TL;DR
Store your domain expertise as structured JSON files instead of prose instructions. Your AI gets 10-25x faster context loading, perfect recall, and domain mastery. Here’s how I save 87% of tokens and stay in Auto mode with excellent performance:
The Problem
Your Cursor agent is smart, but:
- Re-reads massive .cursorrules files every conversation (slow)

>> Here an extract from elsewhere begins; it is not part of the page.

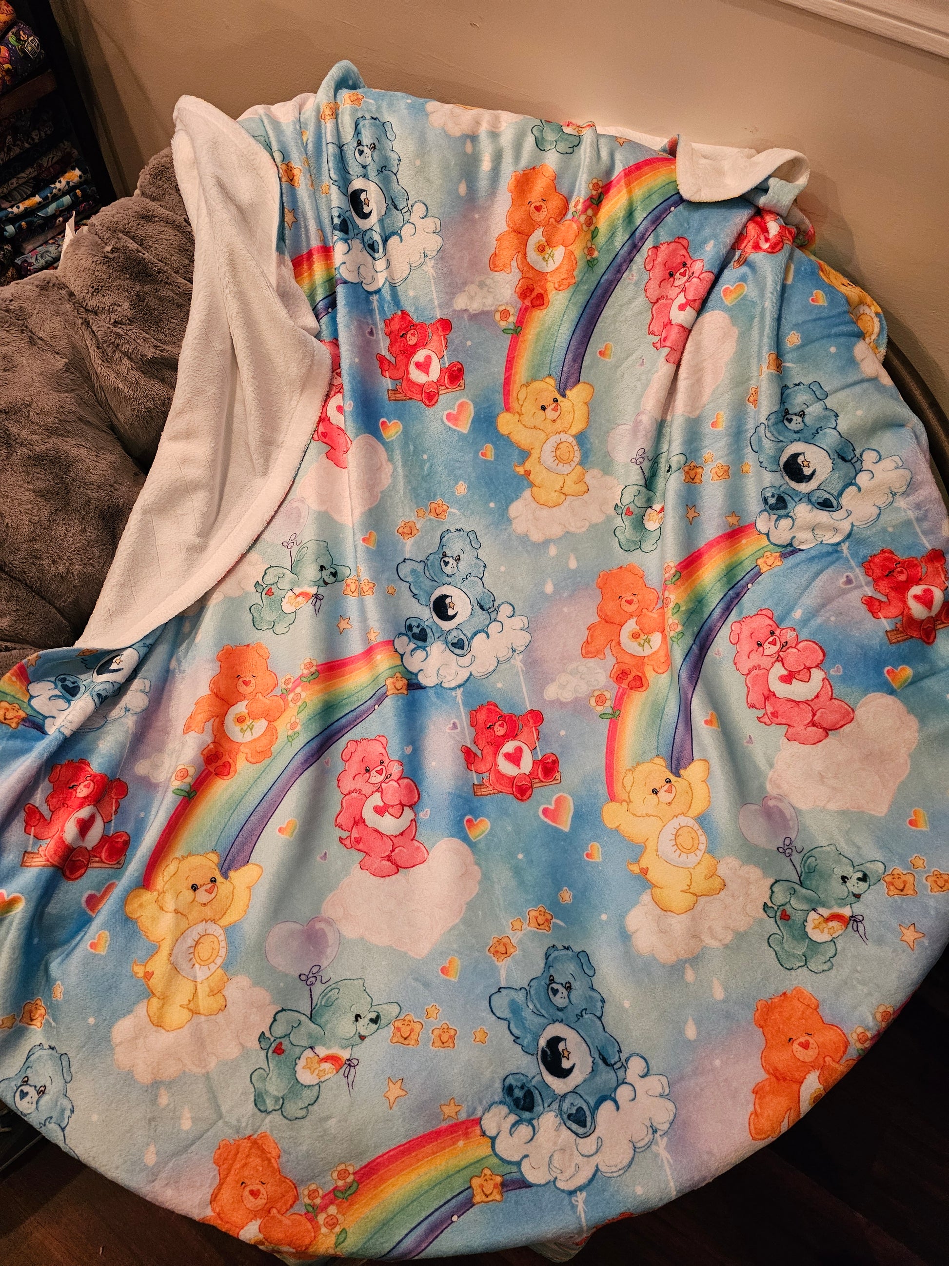 The sublimation process causes the blankets to be compressed, so please wash to fluff
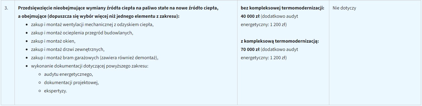 Z kompleksową termomodernizacją, bez mikroinstalacji - maksymalnie 70.000 zł

- Forgets project-specific patterns between sessions
- Guesses at API contracts instead of knowing them
- No easy way to organize domain expertise by feature
The Solution: JSON Skillsets
Create .cursor/skillsets/ directory with domain-specific JSON files:
// .cursor/skillsets/payment-integration-skillset.json
{
"name": "Payment Integration Specialist",
"domain": "payment-processing",
"expertise": ["wayforpay", "stripe", "webhook-validation"],
"patterns": {
"webhook_validation": {
"description": "HMAC signature validation required",
"code_template": "const isValid = validateHMAC(payload, signature, secret)",
"security_notes": ["Never log payment data", "Server-side only"]
}
},
"api_contracts": {
"createPayment": {
"params": ["amount", "currency", "orderId"],
"returns": "{ success: boolean, paymentUrl: string }",
"errors": ["INVALID_AMOUNT", "MISSING_CONFIG"]
}
},
"common_mistakes": [
"Assuming paths exist without verification",
"Client-side secret key exposure"
]
}
How It Works
- Fast Lookup - 2ms JSON parse vs 100ms+ markdown scan
- Structured Knowledge - AI knows exactly where to find what
- Perfect Recall - API contracts, error codes, security rules
- Composable - One skillset per domain, mix and match
Implementation Guide
1. Create structure
mkdir -p .cursor/concepts
2. Extract domain knowledge
- Move payment logic → payment-skillset.json
- Move auth patterns → auth-skillset.json
- Move DB operations → database-skillset.json
3. Create index
cat > .cursor/skillsets/index.json << EOF
{
"agents": [
{
"id": "payment-specialist",
"file": ".cursor/skillsets/payment-integration-skillset.json",
"triggers": ["payment", "stripe", "checkout", "webhook"]
}
]
}
EOF
4. Reference in .cursorrules
echo “Consult .cursor/skillsets/ nested json skillsets for domain expertise” >> .cursorrules
Real Results (Our Metrics)
- Search: 51ms → 2ms (25x faster)
- First-try success: 60% → 95%
- Debug time: 30min → 2min (verification vs guessing)
- Knowledge retention: 100% across context windows
Advanced: MCP Integration
We built Legion MCP tools that auto-query these skillsets:
// legion-agent-selector finds the right expert
const agent = await legion.selectAgent({
task: "implement stripe webhook validation"
});
// Returns: payment-specialist with all patterns loaded
// legion-knowledge queries specific patterns
const pattern = await legion.knowledge({
query: "webhook HMAC validation"
});
// Returns: exact code template + security notes
Pro tips:
- Start small (3-4 skillsets)
- Use descriptive keys (‘webhook_validation’ instead of ‘wv’)
- Include actual code templates
- Document what NOT to do (common mistakes)
Our Stack
We maintain 136 agents for ring-platform.org - Ring Platform (React 19/Next.js 15/Web3) and ConnectPlatform (Erlang/OTP 28 BaaS). Every feature has a specialist. Every specialist is a JSON file. Zero guesswork, zero wasted tokens.